Friday, January 15, 2016

Catalunya On the Road to Independence

We had a bet about the new Catalan pro-independence government.  My friend paid up the five euros, thinking that our bet had been that Junts pel Si and the CUP would reach an agreement in time and there would not be new elections.  But after rereading my last blog post, I realized our bet had been that Artur Mas would be invested.  I’ve returned the five euros and forked over five.  We’re both sad to see President Mas go, but happy that the process is once again moving ahead.

Still, I wasn’t confused about everything.  I was right to think that President Mas would step aside in order not to be the stumbling block on the road to independence.  Just when we all thought that on Monday new elections would be convoked for March, President Mas announced on Saturday afternoon that the Junts pel Si coalition and CUP had come to an agreement.  He would step aside.  The CUP would formally agree, in writing, that they would enable a stable government and not vote against anything that promoted the move towards independence.  There would not be new elections in March after all.  Mas proposed Carles Puigdemont as his successor and this was acceptable to the CUP.

Carles Puigdemont has, until now, been the mayor of Girona.  He is a journalist and a long-time independence supporter, helping to form and serving as the president of the Association of Municipalities for Independence.  He speaks Catalan, Spanish, English, French, and Romanian.

I was thrilled that the two sides had come to an agreement.  I was equally sad that Artur Mas would not be the president who would lead the process to its conclusion.  I watched his 50-minute discourse on television on Saturday and had that overwhelming experience when you cry both for joy and for sorrow.

I’m very sorry that Artur Mas will not be the next president of Catalunya, the one who brings in the new era.  I am also disappointed with the people who never liked him and still don’t like him and don’t give him credit for the work he has done – at significant personal risk and with all the force of the powerful Spanish state against him – and for what he has achieved for Catalans in spite of much adversity. 

These are the self-proclaimed, so-called radicals, supposedly open-minded, progressive people who reject prejudice and injustice.  And yet they are the ones who can’t let go of an old idea -- the idea that because ex-President Jordi Pujol was (probably) corrupt (pending trial), that his successor is also corrupt.  Guilt by association smacks of injustice.  It is an old idea that should have been retired by now. 
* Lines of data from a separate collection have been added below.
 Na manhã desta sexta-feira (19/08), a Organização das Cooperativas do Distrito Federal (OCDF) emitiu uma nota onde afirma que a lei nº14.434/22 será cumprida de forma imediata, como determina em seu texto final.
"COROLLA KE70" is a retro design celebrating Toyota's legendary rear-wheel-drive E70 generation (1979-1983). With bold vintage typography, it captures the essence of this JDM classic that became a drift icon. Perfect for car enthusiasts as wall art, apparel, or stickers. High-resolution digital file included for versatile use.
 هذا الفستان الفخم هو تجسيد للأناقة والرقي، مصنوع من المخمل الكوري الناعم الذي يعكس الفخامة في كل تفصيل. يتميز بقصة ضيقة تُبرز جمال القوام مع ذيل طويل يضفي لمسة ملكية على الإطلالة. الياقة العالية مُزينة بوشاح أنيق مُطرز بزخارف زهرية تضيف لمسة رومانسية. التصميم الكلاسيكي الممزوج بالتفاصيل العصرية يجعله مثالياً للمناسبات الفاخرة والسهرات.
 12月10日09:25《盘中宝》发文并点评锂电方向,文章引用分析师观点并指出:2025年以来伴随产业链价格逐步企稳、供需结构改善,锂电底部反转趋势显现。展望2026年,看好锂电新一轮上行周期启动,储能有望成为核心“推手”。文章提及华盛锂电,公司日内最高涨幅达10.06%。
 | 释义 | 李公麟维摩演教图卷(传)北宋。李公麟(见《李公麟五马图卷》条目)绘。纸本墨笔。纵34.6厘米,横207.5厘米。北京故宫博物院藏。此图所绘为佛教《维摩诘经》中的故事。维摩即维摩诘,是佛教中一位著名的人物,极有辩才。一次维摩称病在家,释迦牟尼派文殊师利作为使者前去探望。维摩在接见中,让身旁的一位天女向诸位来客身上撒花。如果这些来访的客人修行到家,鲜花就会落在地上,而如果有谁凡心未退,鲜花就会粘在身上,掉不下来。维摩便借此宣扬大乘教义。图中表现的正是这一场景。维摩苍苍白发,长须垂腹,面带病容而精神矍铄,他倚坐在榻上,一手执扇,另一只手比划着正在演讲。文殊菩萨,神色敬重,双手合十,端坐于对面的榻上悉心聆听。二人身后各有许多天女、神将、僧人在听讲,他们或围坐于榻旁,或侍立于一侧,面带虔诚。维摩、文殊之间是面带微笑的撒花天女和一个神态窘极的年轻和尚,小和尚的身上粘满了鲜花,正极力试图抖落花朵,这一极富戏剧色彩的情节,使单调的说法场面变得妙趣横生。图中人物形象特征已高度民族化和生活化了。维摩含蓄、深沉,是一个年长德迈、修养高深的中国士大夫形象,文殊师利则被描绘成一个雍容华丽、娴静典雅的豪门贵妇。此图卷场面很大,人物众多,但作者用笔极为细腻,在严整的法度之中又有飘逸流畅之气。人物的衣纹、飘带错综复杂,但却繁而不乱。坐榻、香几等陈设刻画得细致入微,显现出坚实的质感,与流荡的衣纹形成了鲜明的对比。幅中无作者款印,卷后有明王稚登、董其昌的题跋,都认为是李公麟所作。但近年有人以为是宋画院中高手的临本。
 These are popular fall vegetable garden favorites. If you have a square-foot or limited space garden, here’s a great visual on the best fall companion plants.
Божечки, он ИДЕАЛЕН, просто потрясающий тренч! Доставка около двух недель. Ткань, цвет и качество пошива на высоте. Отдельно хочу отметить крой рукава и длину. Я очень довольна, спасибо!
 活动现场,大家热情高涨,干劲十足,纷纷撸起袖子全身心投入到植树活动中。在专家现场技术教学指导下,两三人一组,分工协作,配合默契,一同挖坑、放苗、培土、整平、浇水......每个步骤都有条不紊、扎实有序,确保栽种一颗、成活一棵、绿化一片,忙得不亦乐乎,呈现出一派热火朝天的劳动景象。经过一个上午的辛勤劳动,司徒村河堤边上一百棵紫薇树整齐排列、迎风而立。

They hold it against him that he joined the independence movement late.  “He didn’t use to be an independentista”, some friends tell me.  And so what?  “He only became an independentista because he saw the public demand for it”.  But isn’t that what a good public representative is supposed to do?  I’m sure many Americans would like that of their elected representatives when it comes to imposing some sort of gun control.  It seems to me that someone who can see what the public wants and can see that there is, practically speaking, no other real solution to the nation’s problems, merits credit, not scorn.  Artur Mas was able to see the reality around him and change his political stand accordingly.  His critics are not able to do the same. 


Carles Puigdemont, the new Catalan president, appears also to have what it takes to do the job.  Those on both sides of the old arguments support him and wish him (and the nation) well.  He has been officially invested, the new government has been formed, and Catalunya is back on the road to independence.